In 1984, he interprets two concertos for piano of Chopin with the Philharmonic orchestra of Moscow. He plays in 1988 and 1989
supervised by Herbert von Karajan the Concerto for piano N 1 Tchaïkovski.
In 1997, Evgeny Kissin received
the price Triumph for its contribution to the culture of Russia. In 2001, was made honorary doctor of Manhattan School of
Music. In 2003, he received the Price Chostakovitch. In 2005, he was received honorary member of Royal Academy of Music of
London. He is also a prize-winner of the Herbert von Karajan Music Prize. He began in 2011 a big tour to States - Unite who
will see him occurring in particular in numerous concerts of chamber music supervised by Yuri Bashmet.
Myung-Whun Chung. At first pianist, he studies the direction of orchestra
in Baskets School of Music of New York, then in Juilliard School. In 1978, he becomes an assistant of Carlo Maria Giulini.

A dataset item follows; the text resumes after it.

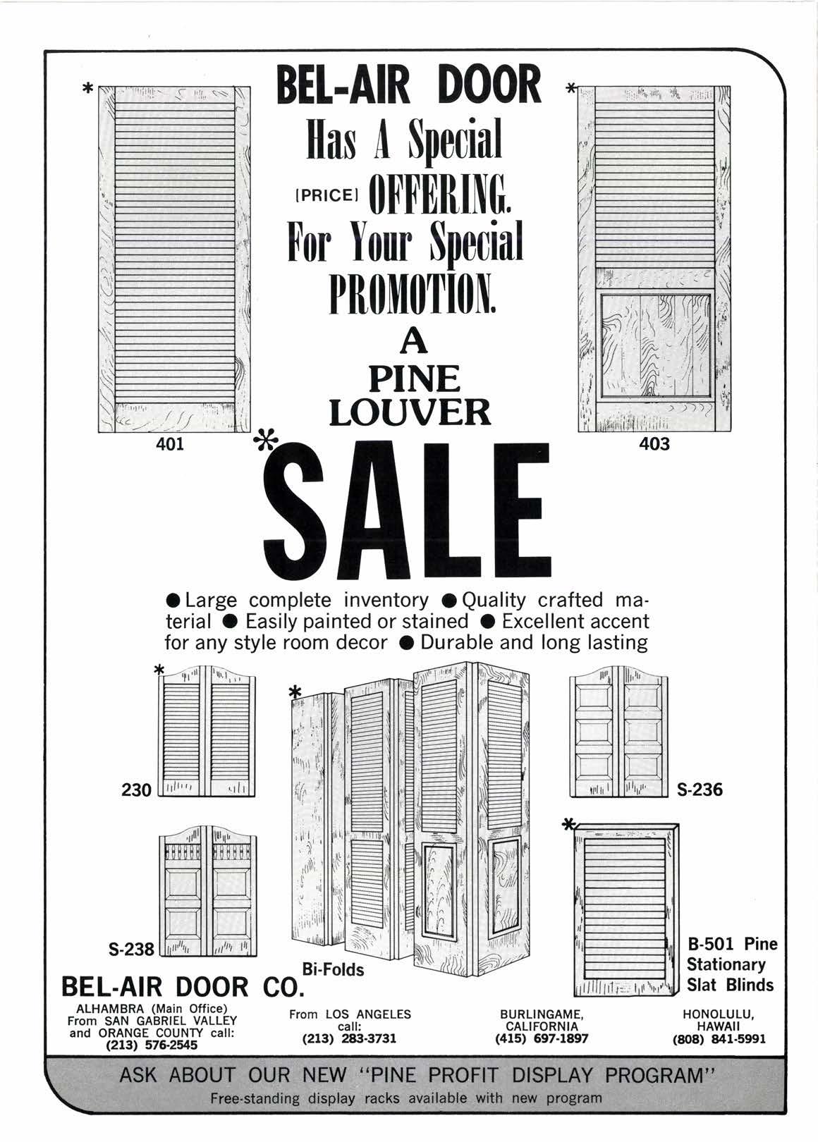 BEI.AIR DOOR Has A Special ,PR,.E, [|l'l'DBINff. tor Your Special PRO[[OTION. A PINE LOUVER ia_SALE O Large complete inventory O Quality crafted material O Easily painted or stained O Excellent accent for any style room decor O Durable and long lasting s-238 8-501 Pine Stationary Slat Blinds BEL.AIR DOOR ALHAMBRA (Main Office) From SAN GABRIEL VALLEY and ORANGE COUNTY call: (2r3r 576.2il5 Bi-Folds co. From LOS ANGELES call:(2r3) 28:r-3731 BURLINGAME, CALIFORNIA (415) 697.1897 HONOLULU, HAWAII (808) 84r-5991
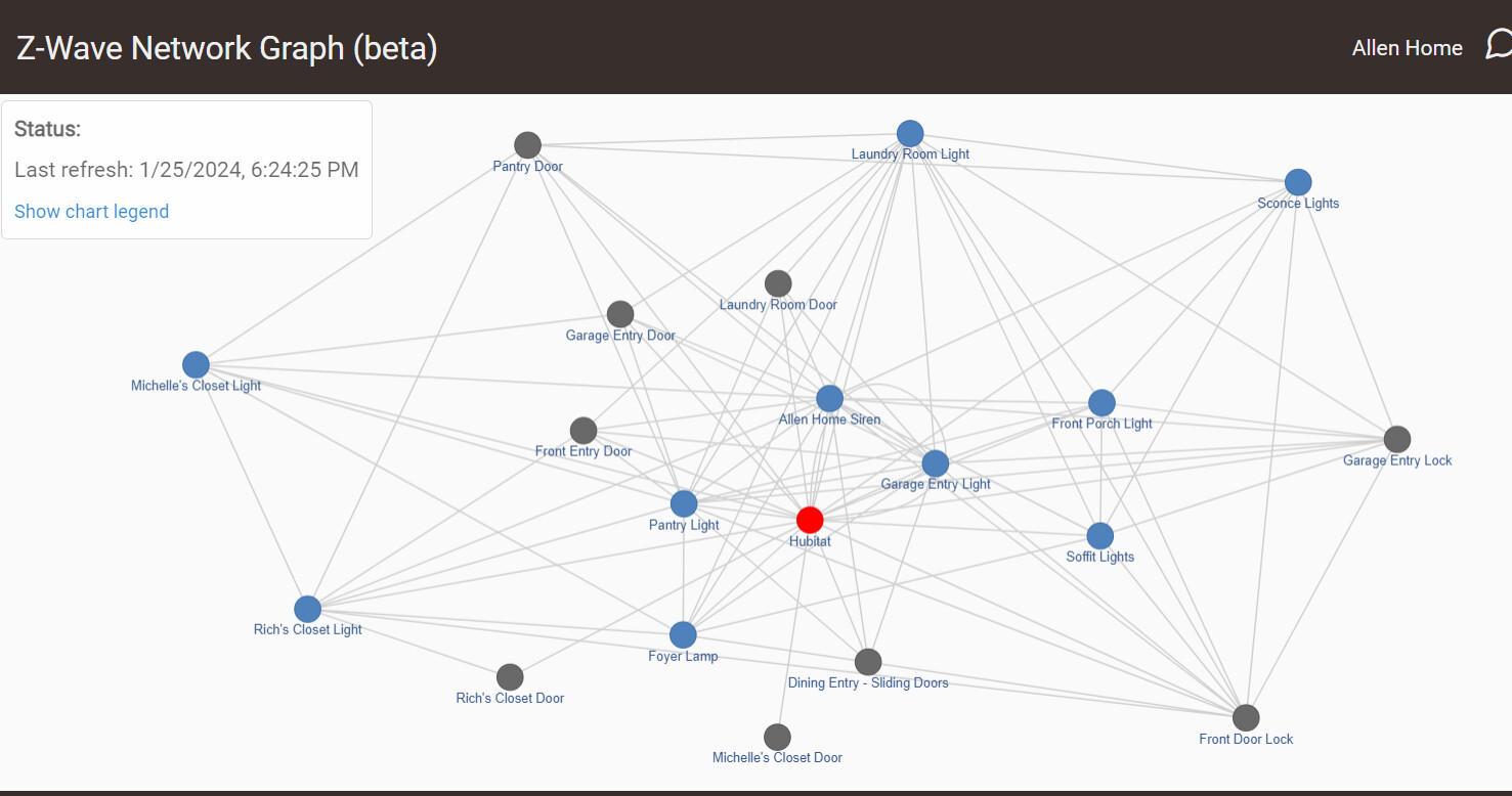 Here is the DEVICE GRAPH. Sorry, I didn't mention that I did have serval light switches installed. Lights are working great. I have other sensors that working flawlessly as well. Still having issues with the Aeotec DSB29-ZWUS and Everspring contact sensors. Also, both Locks are working fine. I just can't get the LOCK CODE MANAGER to work with the Kwikset lock. After I get a few more swiches installed, I'll try to re-pair (learn in) the Kwik set Lock again,

Two years later, he is named a deputy head of the Philharmonic orchestra of Los Angeles. Musical director of the Radio orchestra
of Saarbruck from 1984 till 1990, first invited head of the Teatro Comunale de Florence from 1989 till 1992, musical director
of the Opera of Paris from 1989 till 1994, Myung-Whun Chung manages the most prestigious trainings: philharmonic orchestra
of Berlin, royal Orchestra of Concertgebouw of Amsterdam, the Philharmonic orchestra of Vienna … Main Head of the Orchestra
of the Accademia nazionale di Santa Cecilia of Rome since October, 1997, he is the founder and the musical director of the
Asia Philharmonic Orchestra.
At the same time as his musical activities, he was from 1992 till 1997 an ambassador
with United Nations for the programme of fight against drugs ( UNDCCP) and was named in 1995 " Man of the year "

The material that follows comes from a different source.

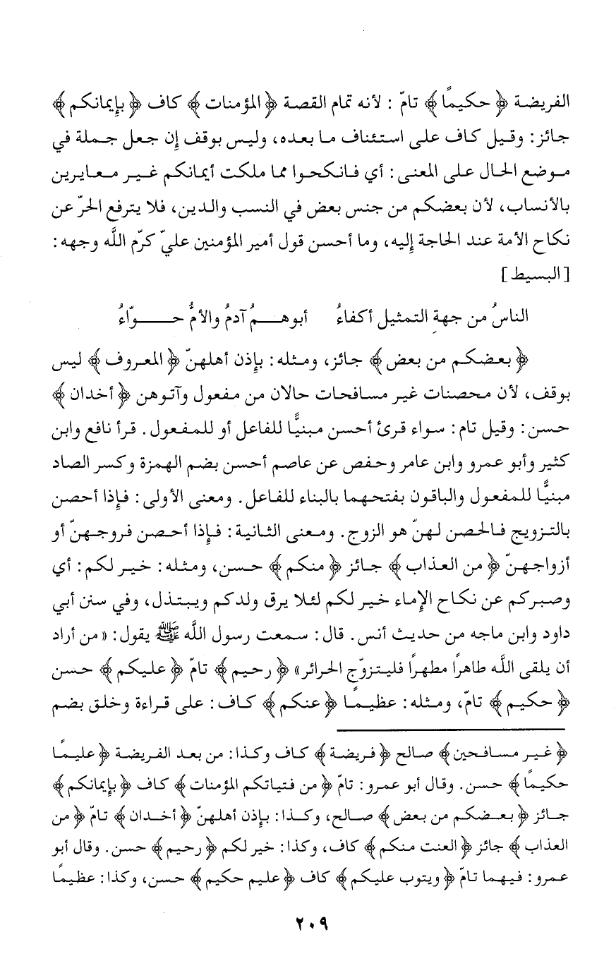الفريضة حَكِيماً تامّ: لأنه تمام القصة الْمُؤْمِناتِ كاف بِإِيمانِكُمْ جائز: وقيل كاف على استئناف ما بعده، وليس بوقف إن جعل جملة في موضع الحال على المعنى: أي فانكحوا مما ملكت أيمانكم غير معايرين بالأنساب، لأن بعضكم من جنس بعض في النسب والدين، فلا يترفع الحرّ عن نكاح الأمة عند الحاجة إليه، وما أحسن قول أمير المؤمنين عليّ كرّم الله وجهه:

by Unesco. In 1996, the highest cultural merit ("Kumkuan") was awarded to him by the Korean government for its exceptional
contribution to the musical life in Korea. He was named on the guiding May 1st, 2000 of the Philharmonic orchestra of Radio
France.
Ismail Serageldin. Born in 1944
to Guizeh ( Egypt), Ismail Serageldin is Awarded a diploma by the Faculty of the Engineers of the University of Cairo and
holder of a control and by a Doctorate of the University of Harvard. Before joining the World Bank, he was to advise in urban
and regional planning and taught the universities of Cairo and Harvard.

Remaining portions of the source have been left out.